▸ **Supplied records**:
*** Begin section ***

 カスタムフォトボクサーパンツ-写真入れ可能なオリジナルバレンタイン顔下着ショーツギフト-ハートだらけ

*** End section ***
*** Begin section ***

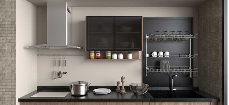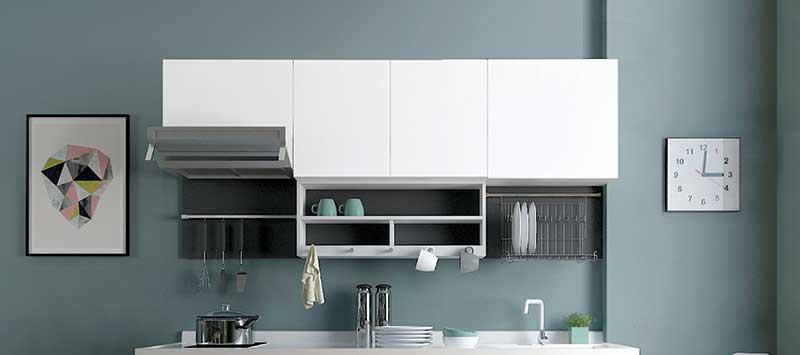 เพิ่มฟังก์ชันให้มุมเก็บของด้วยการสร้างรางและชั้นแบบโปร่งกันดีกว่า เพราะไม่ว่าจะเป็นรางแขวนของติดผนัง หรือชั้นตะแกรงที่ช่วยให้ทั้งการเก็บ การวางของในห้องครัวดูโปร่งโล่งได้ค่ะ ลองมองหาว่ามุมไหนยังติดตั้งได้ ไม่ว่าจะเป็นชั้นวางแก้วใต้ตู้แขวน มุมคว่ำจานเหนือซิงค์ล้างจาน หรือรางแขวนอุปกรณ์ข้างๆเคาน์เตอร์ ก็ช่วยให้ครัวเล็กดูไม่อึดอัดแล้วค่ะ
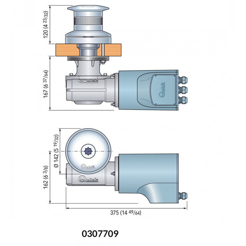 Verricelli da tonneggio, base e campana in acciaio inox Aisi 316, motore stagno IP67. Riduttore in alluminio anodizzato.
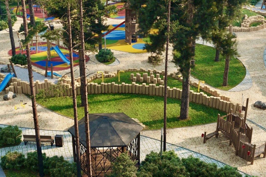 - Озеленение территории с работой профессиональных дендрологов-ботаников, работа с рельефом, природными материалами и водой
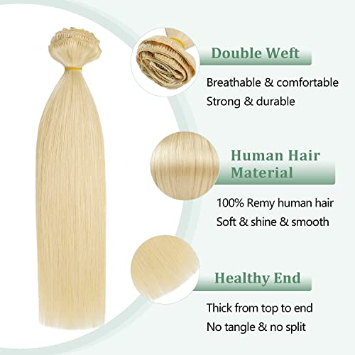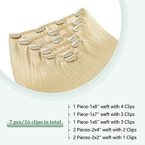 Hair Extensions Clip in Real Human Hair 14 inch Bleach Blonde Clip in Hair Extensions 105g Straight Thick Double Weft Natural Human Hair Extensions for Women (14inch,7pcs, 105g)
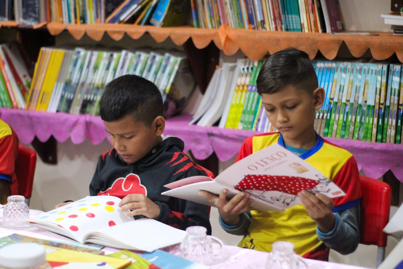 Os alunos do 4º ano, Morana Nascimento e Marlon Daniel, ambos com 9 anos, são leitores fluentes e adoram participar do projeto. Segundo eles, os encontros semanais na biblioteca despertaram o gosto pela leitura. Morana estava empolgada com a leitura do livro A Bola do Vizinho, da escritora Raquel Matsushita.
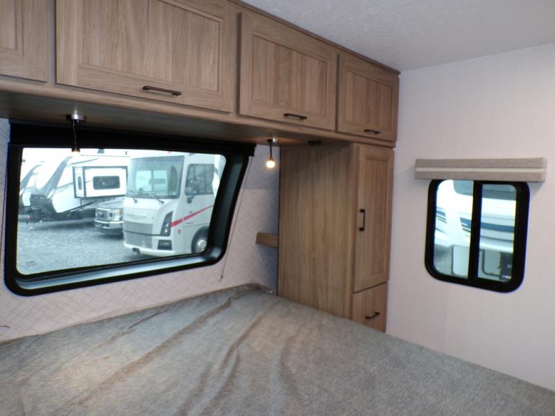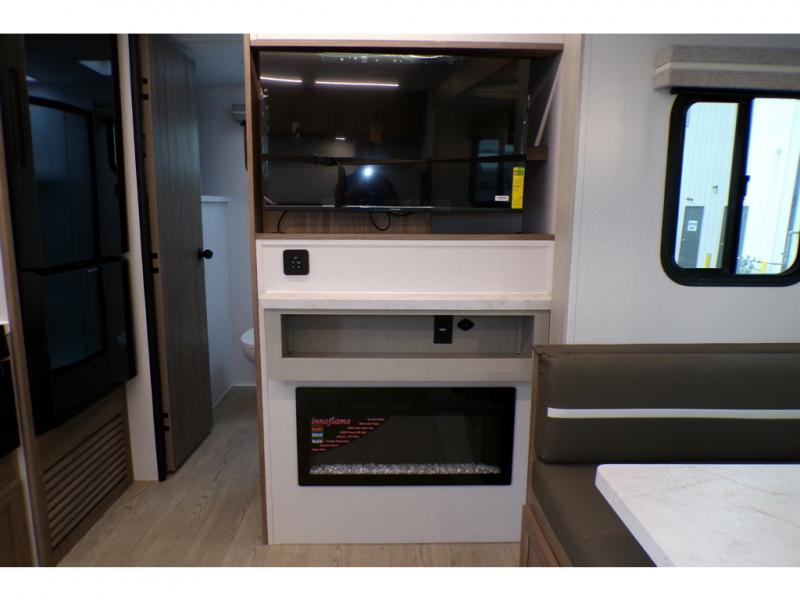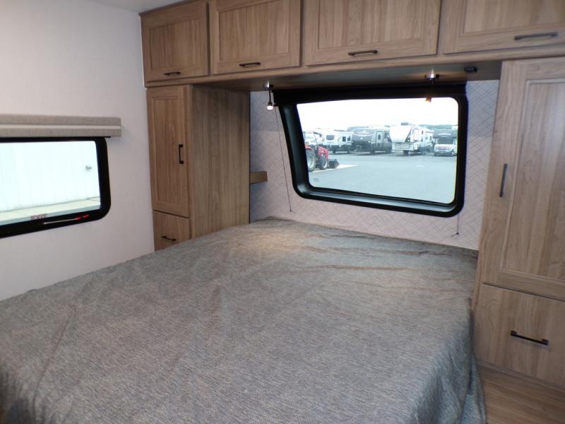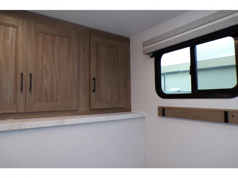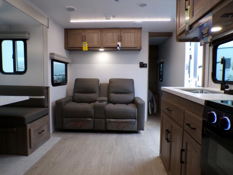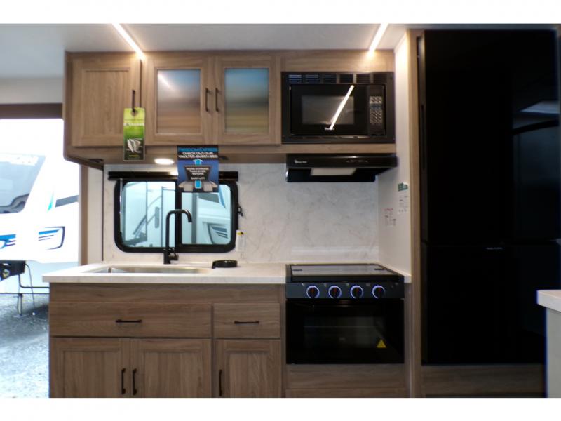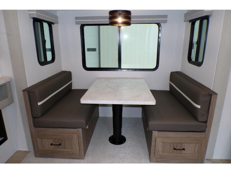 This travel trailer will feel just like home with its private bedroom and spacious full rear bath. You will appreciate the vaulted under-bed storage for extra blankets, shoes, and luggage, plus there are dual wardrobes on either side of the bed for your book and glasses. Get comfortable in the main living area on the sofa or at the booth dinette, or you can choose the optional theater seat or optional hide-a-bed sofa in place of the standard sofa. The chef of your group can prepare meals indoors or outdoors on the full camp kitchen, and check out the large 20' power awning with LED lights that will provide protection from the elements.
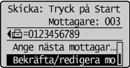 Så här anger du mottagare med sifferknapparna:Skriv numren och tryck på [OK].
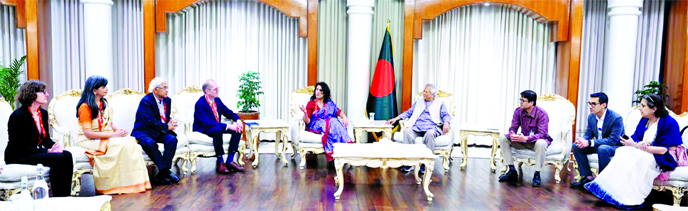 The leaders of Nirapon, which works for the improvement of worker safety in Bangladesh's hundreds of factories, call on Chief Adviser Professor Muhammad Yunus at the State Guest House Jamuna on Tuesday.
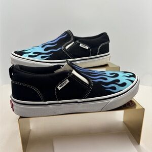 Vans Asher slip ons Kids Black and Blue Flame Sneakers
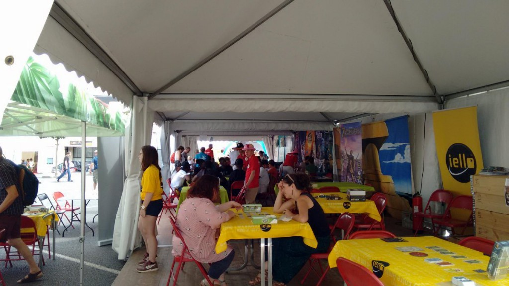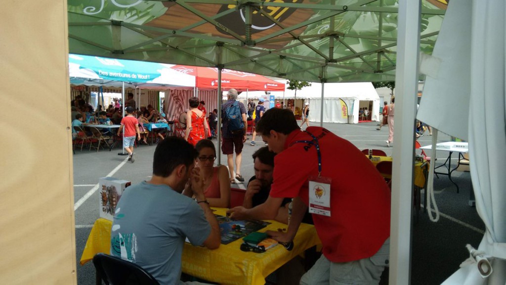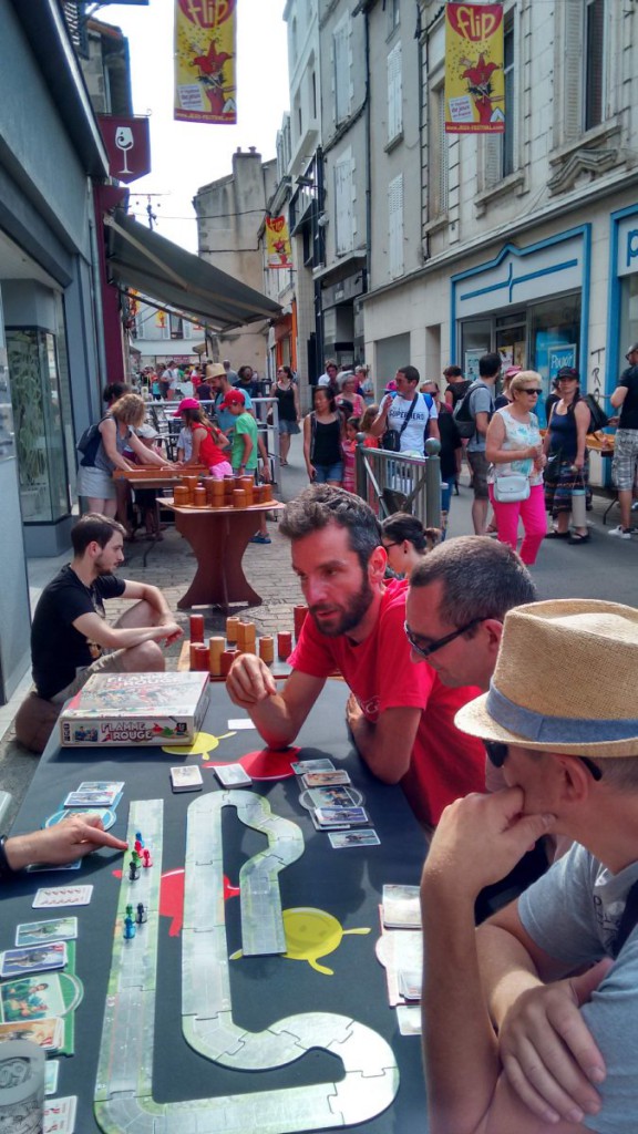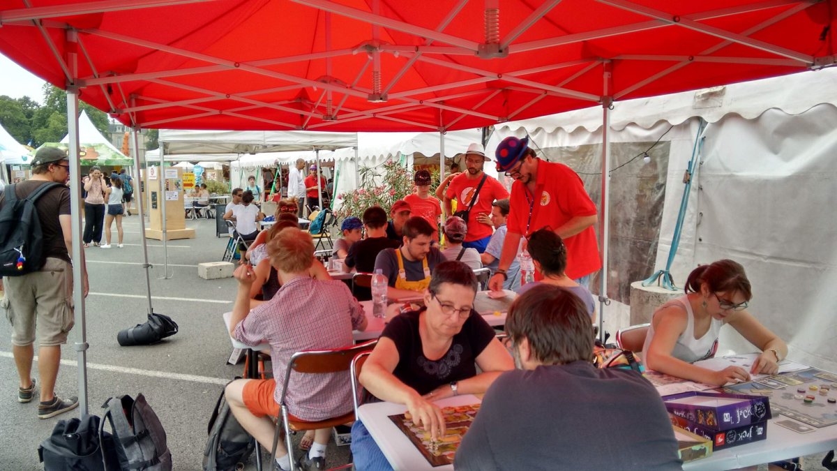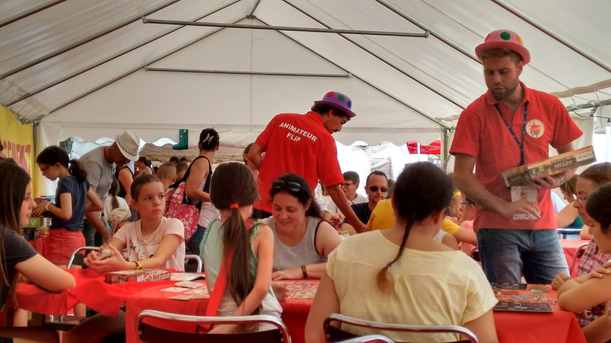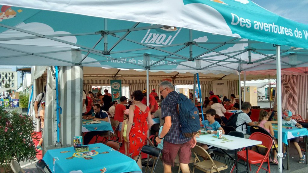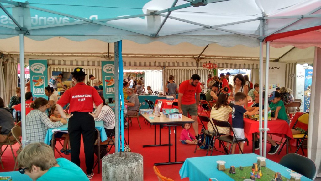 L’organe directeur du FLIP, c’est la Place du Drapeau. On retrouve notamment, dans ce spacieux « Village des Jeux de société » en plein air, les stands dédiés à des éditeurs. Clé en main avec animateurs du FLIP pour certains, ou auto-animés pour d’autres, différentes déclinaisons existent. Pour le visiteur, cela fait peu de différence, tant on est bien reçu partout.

*** End section ***

▸ **Problem to work on**: Transcribe only this stretch of the data: the line with "- Озеленение территории", the line with "Hair Extensions Clip", and every line in between. Leave out the pictures.

▸ **Answer to this exercise**:
 - Озеленение территории с работой профессиональных дендрологов-ботаников, работа с рельефом, природными материалами и водой
 Hair Extensions Clip in Real Human Hair 14 inch Bleach Blonde Clip in Hair Extensions 105g Straight Thick Double Weft Natural Human Hair Extensions for Women (14inch,7pcs, 105g)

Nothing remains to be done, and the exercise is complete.